**Task requirements:** An exact copy of all the data, minus the images, is required.

[Dataset excerpts]
*** Begin section ***

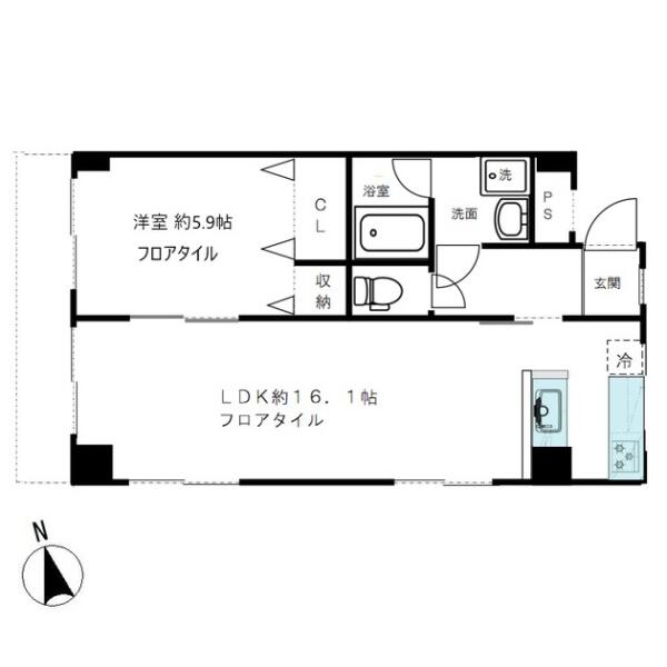 | 間取り | 1LDK (LDK16.1帖 , 洋室5.9帖) | ||
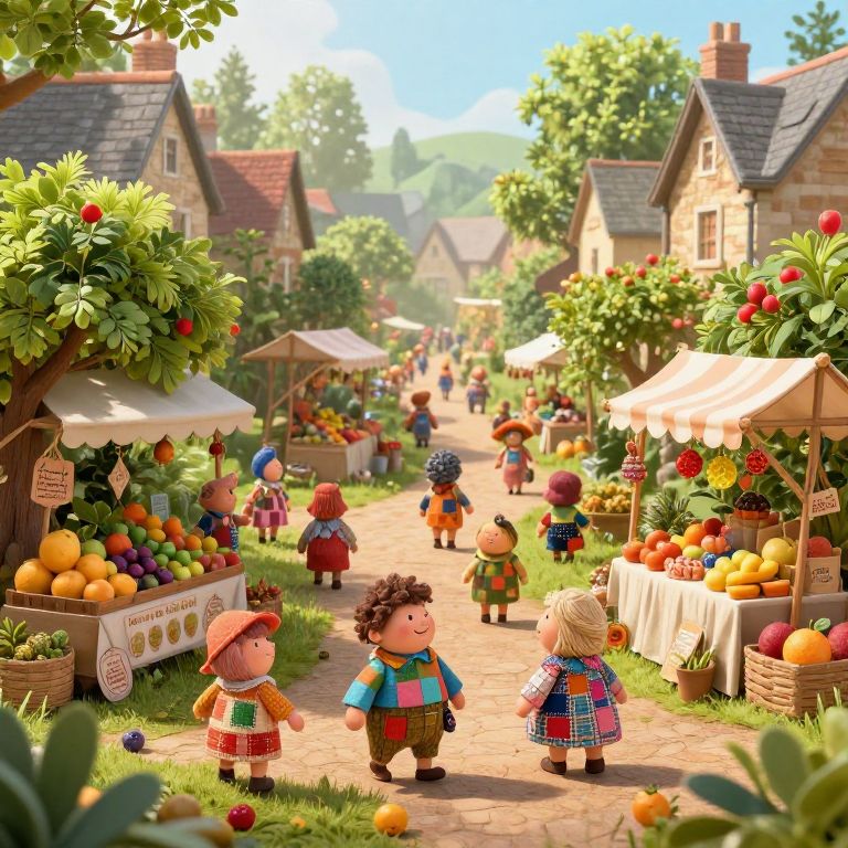 This vibrant CGI image depicts a sunny, bustling village market. Colorful wooden stalls line a cobblestone pathway, laden with fruits, vegetables, and handmade crafts. Toy-like, anthropomorphic characters with varied hairstyles and outfits, including a girl in a pink hat and red dress, a curly-haired boy in a blue shirt, and a blonde girl in a plaid coat, walk and chat among the stalls. Trees with lush green foliage and red fruits flank the path, while charming cottages with gray roofs and brick chimneys are visible in the background. The bright, cheerful scene is bathed in warm sunlight, enhancing the lively, whimsical atmosphere.
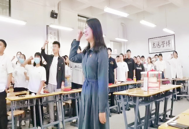 就业经验分享结束,金融学本科生党支部闫向阳老师和工商管理本科生党支部张凡老师为全体参会党员颁发政治生日贺卡,并同切“政治生日蛋糕”。随后,由金融学本科生党支部副书记司玉蓉带领全体党员重温入党誓词,回顾入党初心,坚定理想信念,勇担历史使命。
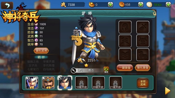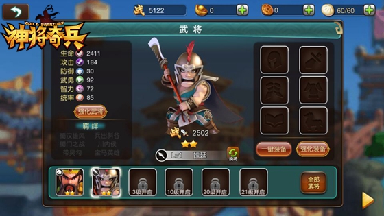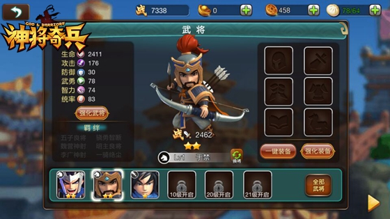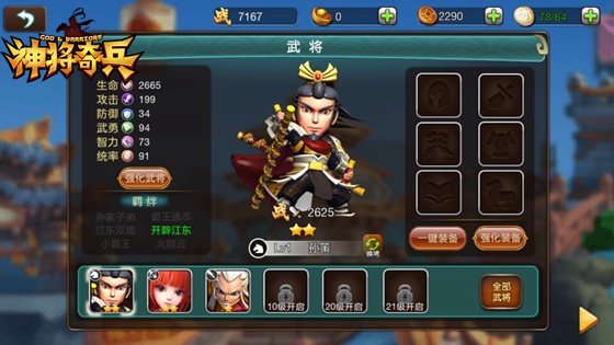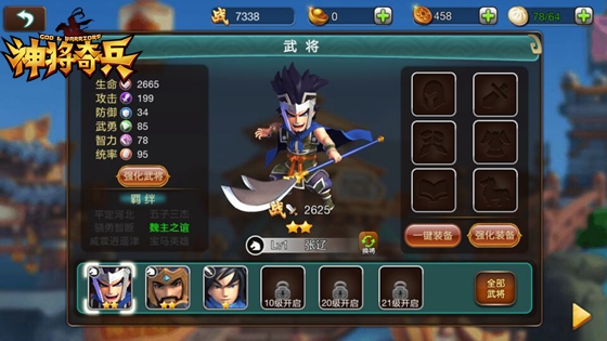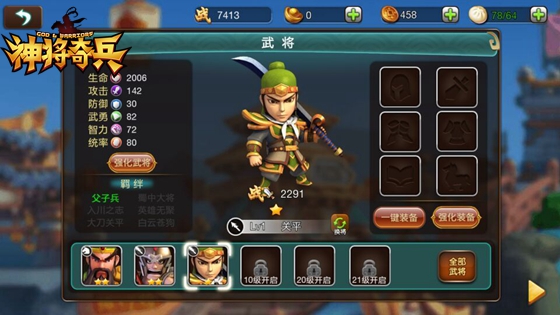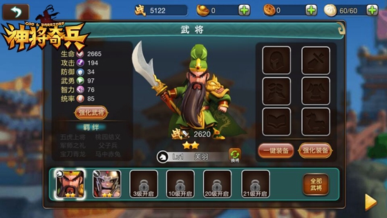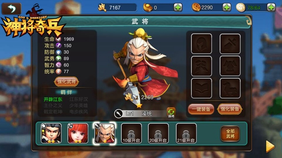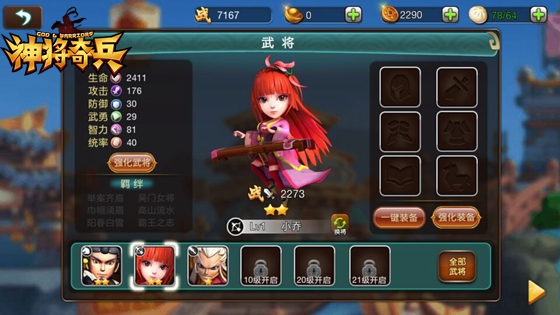 以上就是《神将奇兵》初期系统所给主公们固定武将阵容了,主公们是否还记得小编在文中提到的一个武将“羁绊”属性,想知道它有什么样的作用吗?想知道它有什么样的属性加成吗?那就请主公们亲自去揭开这个神秘的“面纱”吧。
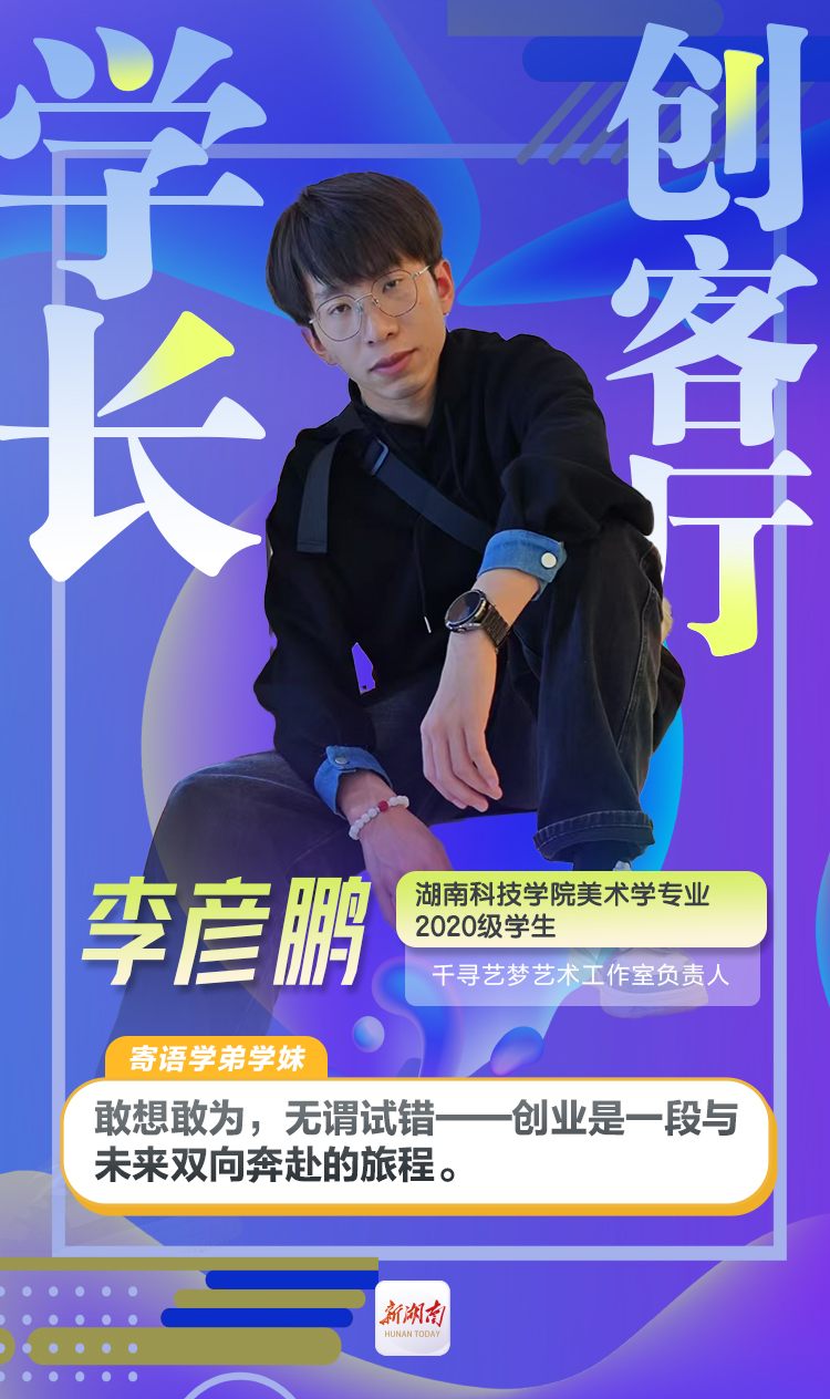李彦鹏,金沙集团1862cc美术学专业2020级学生,千寻艺梦艺术工作室负责人,乡村美育践行者、非遗文创探索者、墙绘“破圈”青年。2022年,正式成立“千寻艺梦艺术工作室”,以墙绘为切口进军商业领域,累计完成5000平方米墙绘,服务甘肃省定西市新坪村、永州市零陵区永荷村等5个乡村、7所学校,并开发非遗文创产品,助力传统技艺焕新。如今,工作室年营收突破30万元,成为乡村振兴与艺术融合的标杆案例。
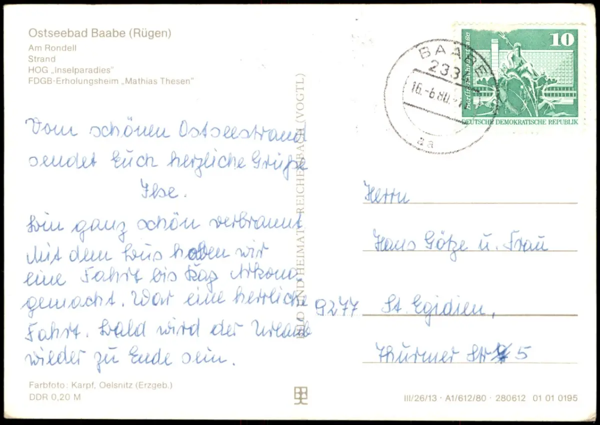 Baabe Am Rondell, HOG Inselparadies, FDGB-Erholungsheim Mathias Thesen 1980
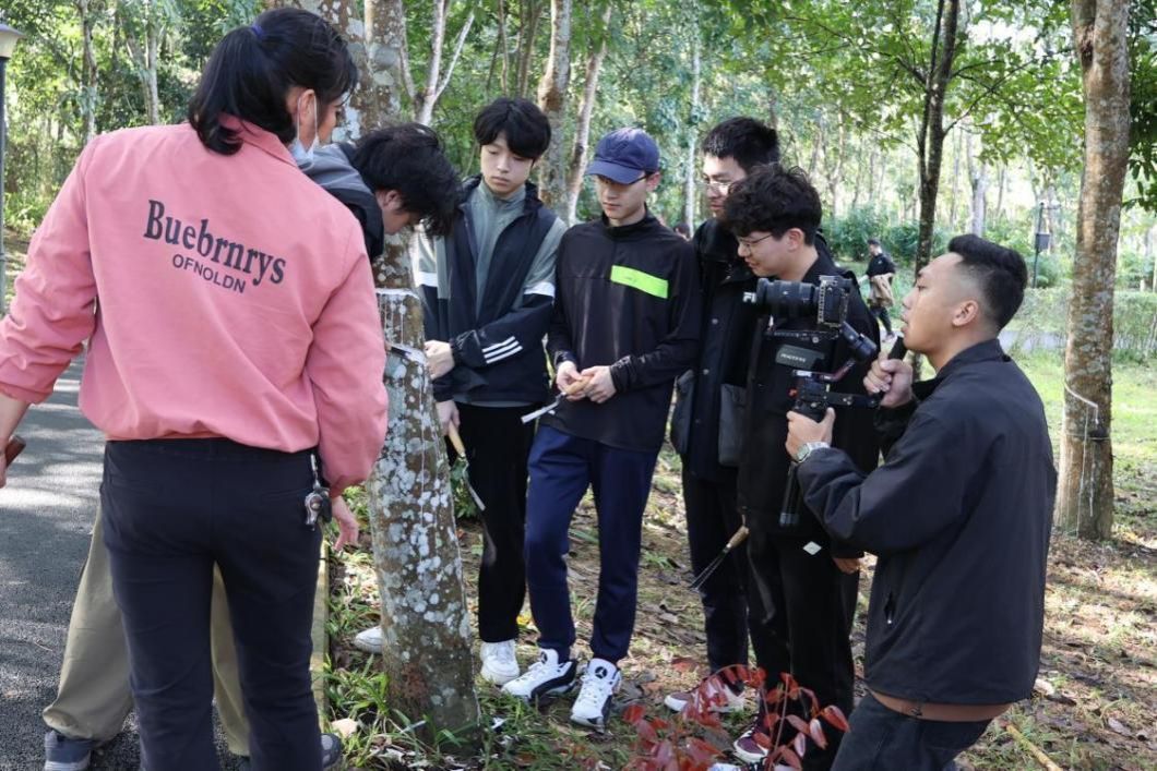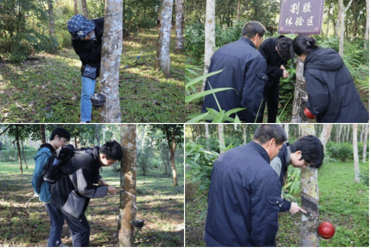 随后,员工们前往儋州市的金林春晓农庄,积极参与了采摘和其他农业劳动活动,并进入橡胶林亲自体验了割胶和收集胶水的过程,深刻体会到劳动成果的珍贵。期间,儋州市电视台的健康栏目对同学们进行了采访,他们热情地分享了在农庄割胶的经历和通过此次研学之旅中的感悟。
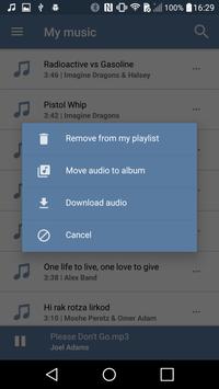 My dear users! Unfortunately, from 16th Dec 2016 VK does not provide anymore ability to listen to music from 3rd-party applications. I'm looking for another solutions. Thank you for your patience.
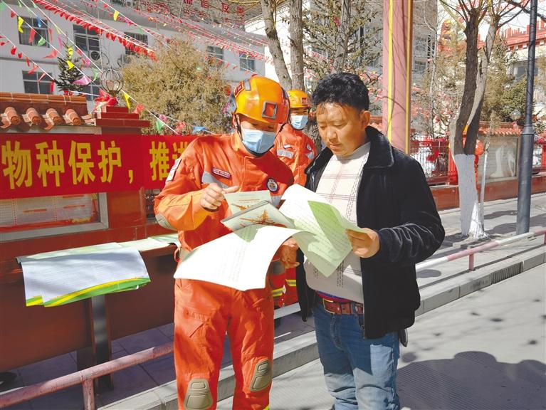 昌都市森林消防支隊邊壩縣駐防分隊隊員為群眾講解野生動植物保護宣傳手冊內(nèi)容。 記者 桑鄧旺姆 攝
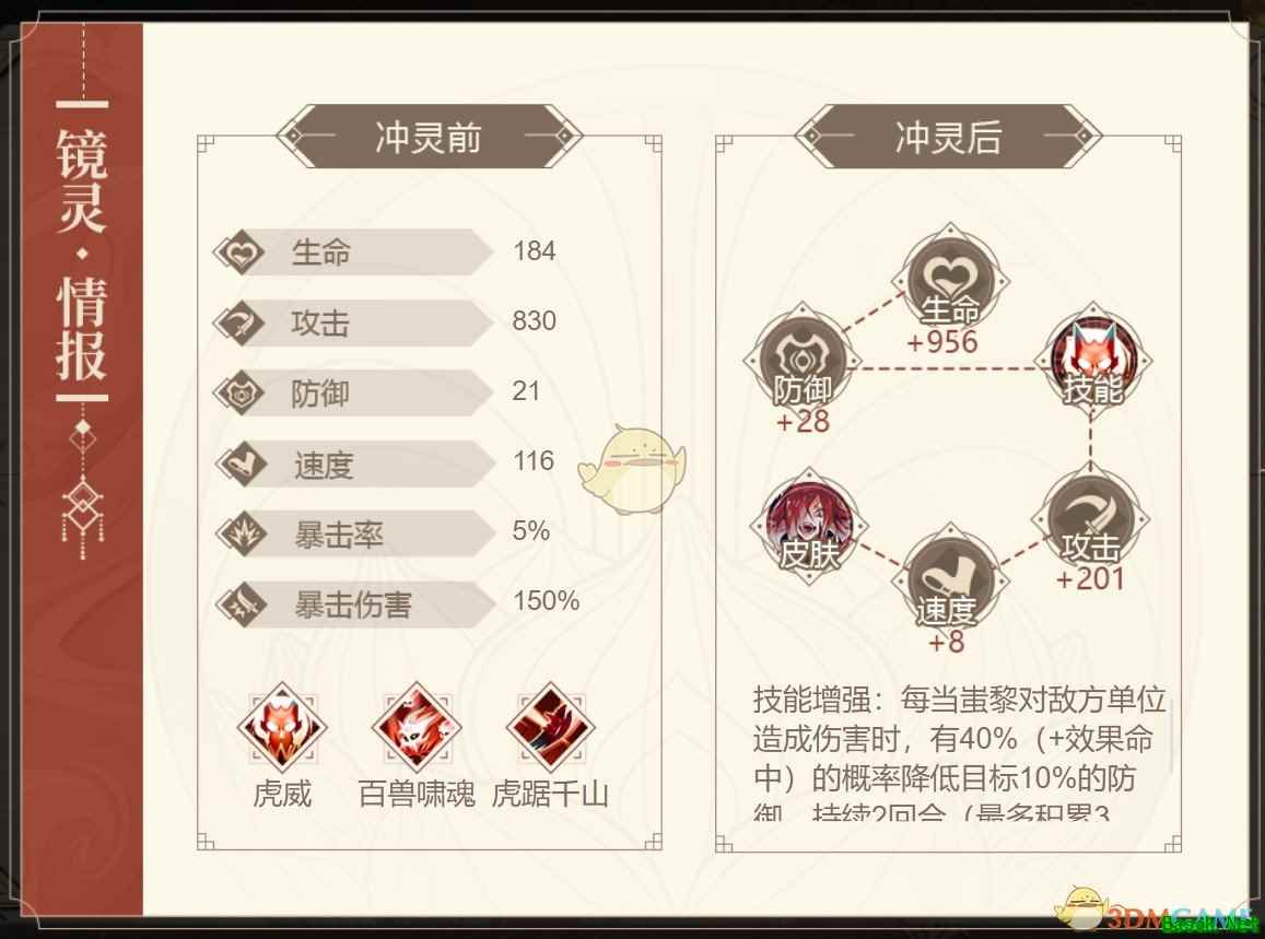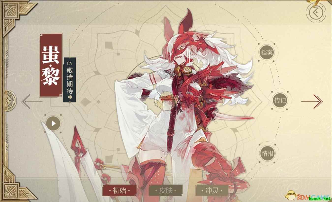 技能增强:每当蚩黎对敌方单位造成伤害时,有40%(+效果命中)的概率降低目标10%的防御,持续2回合(最多积累3层)。 技能介绍1、虎魄龙啸:普攻,对敌方单体造成2次伤害; 2、兽魂逆袭:攻击敌方全体三次,并各有60%的几率降低敌方的行动条,如果把敌方的行动条击退到最后末端,那么会有50%的概率使其眩晕; 3、虎魄威慑:每次蚩黎攻击敌人的时候,有几率降低对方的防御,持续两回合 传记介绍传记一 那一日,本该是蚩黎的婚礼。九黎公主的婚礼,势必声势浩大、繁华富丽。 婚礼前,她的哥哥蚩尤说:“这一战,我必胜。待我归来,亲自为你送嫁。” 她乖巧地在宫殿中端坐,等着哥哥归来。 那是蚩尤啊,他自然是会赢的。 到时候,她的哥哥将会骑着战虎,为她送嫁。整个大荒,都不会有比她更为风光的新娘。
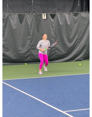 They will be instructed using appropriate size racquets (25 to 27 inches), playing on a full court over a regular size net and using green dot balls.
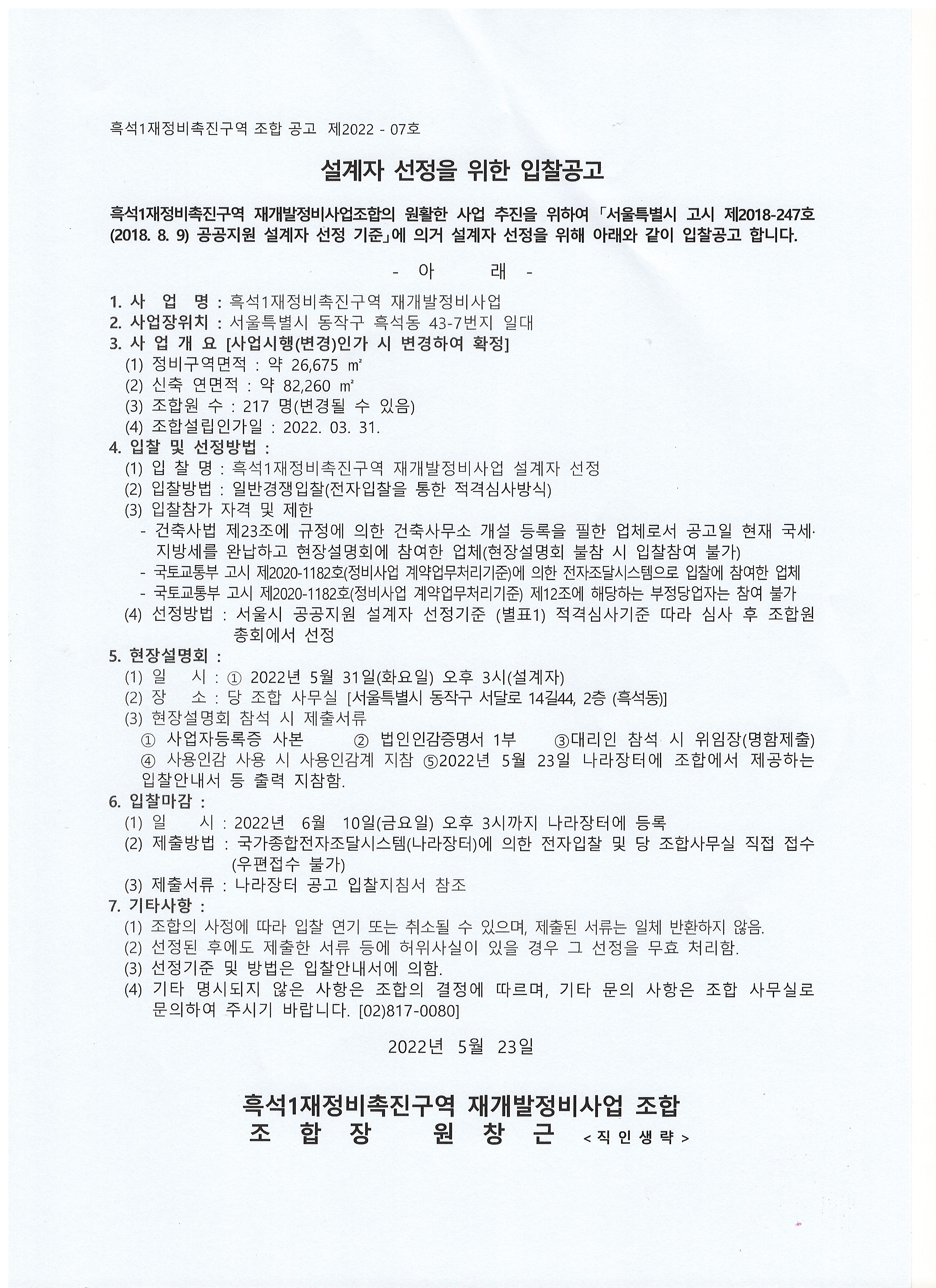 추진위원회/조합명 : 흑석1재정비촉진구역 재개발정비사업조합

*** End section ***

**Reply to the task:**
 | 間取り | 1LDK (LDK16.1帖 , 洋室5.9帖) | ||
 This vibrant CGI image depicts a sunny, bustling village market. Colorful wooden stalls line a cobblestone pathway, laden with fruits, vegetables, and handmade crafts. Toy-like, anthropomorphic characters with varied hairstyles and outfits, including a girl in a pink hat and red dress, a curly-haired boy in a blue shirt, and a blonde girl in a plaid coat, walk and chat among the stalls. Trees with lush green foliage and red fruits flank the path, while charming cottages with gray roofs and brick chimneys are visible in the background. The bright, cheerful scene is bathed in warm sunlight, enhancing the lively, whimsical atmosphere.
 就业经验分享结束,金融学本科生党支部闫向阳老师和工商管理本科生党支部张凡老师为全体参会党员颁发政治生日贺卡,并同切“政治生日蛋糕”。随后,由金融学本科生党支部副书记司玉蓉带领全体党员重温入党誓词,回顾入党初心,坚定理想信念,勇担历史使命。
 以上就是《神将奇兵》初期系统所给主公们固定武将阵容了,主公们是否还记得小编在文中提到的一个武将“羁绊”属性,想知道它有什么样的作用吗?想知道它有什么样的属性加成吗?那就请主公们亲自去揭开这个神秘的“面纱”吧。
李彦鹏,金沙集团1862cc美术学专业2020级学生,千寻艺梦艺术工作室负责人,乡村美育践行者、非遗文创探索者、墙绘“破圈”青年。2022年,正式成立“千寻艺梦艺术工作室”,以墙绘为切口进军商业领域,累计完成5000平方米墙绘,服务甘肃省定西市新坪村、永州市零陵区永荷村等5个乡村、7所学校,并开发非遗文创产品,助力传统技艺焕新。如今,工作室年营收突破30万元,成为乡村振兴与艺术融合的标杆案例。
 Baabe Am Rondell, HOG Inselparadies, FDGB-Erholungsheim Mathias Thesen 1980
 随后,员工们前往儋州市的金林春晓农庄,积极参与了采摘和其他农业劳动活动,并进入橡胶林亲自体验了割胶和收集胶水的过程,深刻体会到劳动成果的珍贵。期间,儋州市电视台的健康栏目对同学们进行了采访,他们热情地分享了在农庄割胶的经历和通过此次研学之旅中的感悟。
 My dear users! Unfortunately, from 16th Dec 2016 VK does not provide anymore ability to listen to music from 3rd-party applications. I'm looking for another solutions. Thank you for your patience.
 昌都市森林消防支隊邊壩縣駐防分隊隊員為群眾講解野生動植物保護宣傳手冊內(nèi)容。 記者 桑鄧旺姆 攝
 技能增强:每当蚩黎对敌方单位造成伤害时,有40%(+效果命中)的概率降低目标10%的防御,持续2回合(最多积累3层)。 技能介绍1、虎魄龙啸:普攻,对敌方单体造成2次伤害; 2、兽魂逆袭:攻击敌方全体三次,并各有60%的几率降低敌方的行动条,如果把敌方的行动条击退到最后末端,那么会有50%的概率使其眩晕; 3、虎魄威慑:每次蚩黎攻击敌人的时候,有几率降低对方的防御,持续两回合 传记介绍传记一 那一日,本该是蚩黎的婚礼。九黎公主的婚礼,势必声势浩大、繁华富丽。 婚礼前,她的哥哥蚩尤说:“这一战,我必胜。待我归来,亲自为你送嫁。” 她乖巧地在宫殿中端坐,等着哥哥归来。 那是蚩尤啊,他自然是会赢的。 到时候,她的哥哥将会骑着战虎,为她送嫁。整个大荒,都不会有比她更为风光的新娘。
 They will be instructed using appropriate size racquets (25 to 27 inches), playing on a full court over a regular size net and using green dot balls.
 추진위원회/조합명 : 흑석1재정비촉진구역 재개발정비사업조합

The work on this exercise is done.